INPUT DATA »

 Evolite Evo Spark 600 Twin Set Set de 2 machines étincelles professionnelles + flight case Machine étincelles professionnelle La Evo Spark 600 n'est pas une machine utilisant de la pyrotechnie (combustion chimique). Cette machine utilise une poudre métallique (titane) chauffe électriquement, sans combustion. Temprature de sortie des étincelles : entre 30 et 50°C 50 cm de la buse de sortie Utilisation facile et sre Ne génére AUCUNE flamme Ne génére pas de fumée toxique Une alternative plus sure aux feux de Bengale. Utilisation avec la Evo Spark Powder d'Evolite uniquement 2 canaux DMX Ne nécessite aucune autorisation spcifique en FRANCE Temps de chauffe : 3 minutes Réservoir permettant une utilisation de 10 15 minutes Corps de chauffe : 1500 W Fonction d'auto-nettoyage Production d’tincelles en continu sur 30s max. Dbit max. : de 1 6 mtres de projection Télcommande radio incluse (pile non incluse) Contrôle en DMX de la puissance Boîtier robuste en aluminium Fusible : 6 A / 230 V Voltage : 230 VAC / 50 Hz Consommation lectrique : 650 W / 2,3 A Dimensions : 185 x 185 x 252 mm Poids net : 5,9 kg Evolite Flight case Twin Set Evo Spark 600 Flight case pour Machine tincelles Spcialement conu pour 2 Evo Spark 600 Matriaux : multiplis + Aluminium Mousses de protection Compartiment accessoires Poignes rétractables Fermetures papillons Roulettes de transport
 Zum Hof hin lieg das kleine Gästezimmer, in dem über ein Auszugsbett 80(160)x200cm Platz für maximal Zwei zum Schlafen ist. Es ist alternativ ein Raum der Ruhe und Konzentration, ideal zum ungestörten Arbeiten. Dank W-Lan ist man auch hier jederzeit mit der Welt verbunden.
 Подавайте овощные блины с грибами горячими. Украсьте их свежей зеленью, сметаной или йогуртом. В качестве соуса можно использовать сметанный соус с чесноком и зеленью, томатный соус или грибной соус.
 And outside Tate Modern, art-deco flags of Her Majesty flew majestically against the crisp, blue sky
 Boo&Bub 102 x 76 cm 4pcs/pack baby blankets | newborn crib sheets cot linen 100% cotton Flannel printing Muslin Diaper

TASK »
Could you repeat the listing above, exactly as it is shown?

EXERCISE ANSWER »
 Evolite Evo Spark 600 Twin Set Set de 2 machines étincelles professionnelles + flight case Machine étincelles professionnelle La Evo Spark 600 n'est pas une machine utilisant de la pyrotechnie (combustion chimique). Cette machine utilise une poudre métallique (titane) chauffe électriquement, sans combustion. Temprature de sortie des étincelles : entre 30 et 50°C 50 cm de la buse de sortie Utilisation facile et sre Ne génére AUCUNE flamme Ne génére pas de fumée toxique Une alternative plus sure aux feux de Bengale. Utilisation avec la Evo Spark Powder d'Evolite uniquement 2 canaux DMX Ne nécessite aucune autorisation spcifique en FRANCE Temps de chauffe : 3 minutes Réservoir permettant une utilisation de 10 15 minutes Corps de chauffe : 1500 W Fonction d'auto-nettoyage Production d’tincelles en continu sur 30s max. Dbit max. : de 1 6 mtres de projection Télcommande radio incluse (pile non incluse) Contrôle en DMX de la puissance Boîtier robuste en aluminium Fusible : 6 A / 230 V Voltage : 230 VAC / 50 Hz Consommation lectrique : 650 W / 2,3 A Dimensions : 185 x 185 x 252 mm Poids net : 5,9 kg Evolite Flight case Twin Set Evo Spark 600 Flight case pour Machine tincelles Spcialement conu pour 2 Evo Spark 600 Matriaux : multiplis + Aluminium Mousses de protection Compartiment accessoires Poignes rétractables Fermetures papillons Roulettes de transport
 Zum Hof hin lieg das kleine Gästezimmer, in dem über ein Auszugsbett 80(160)x200cm Platz für maximal Zwei zum Schlafen ist. Es ist alternativ ein Raum der Ruhe und Konzentration, ideal zum ungestörten Arbeiten. Dank W-Lan ist man auch hier jederzeit mit der Welt verbunden.
 Подавайте овощные блины с грибами горячими. Украсьте их свежей зеленью, сметаной или йогуртом. В качестве соуса можно использовать сметанный соус с чесноком и зеленью, томатный соус или грибной соус.
 And outside Tate Modern, art-deco flags of Her Majesty flew majestically against the crisp, blue sky
 Boo&Bub 102 x 76 cm 4pcs/pack baby blankets | newborn crib sheets cot linen 100% cotton Flannel printing Muslin Diaper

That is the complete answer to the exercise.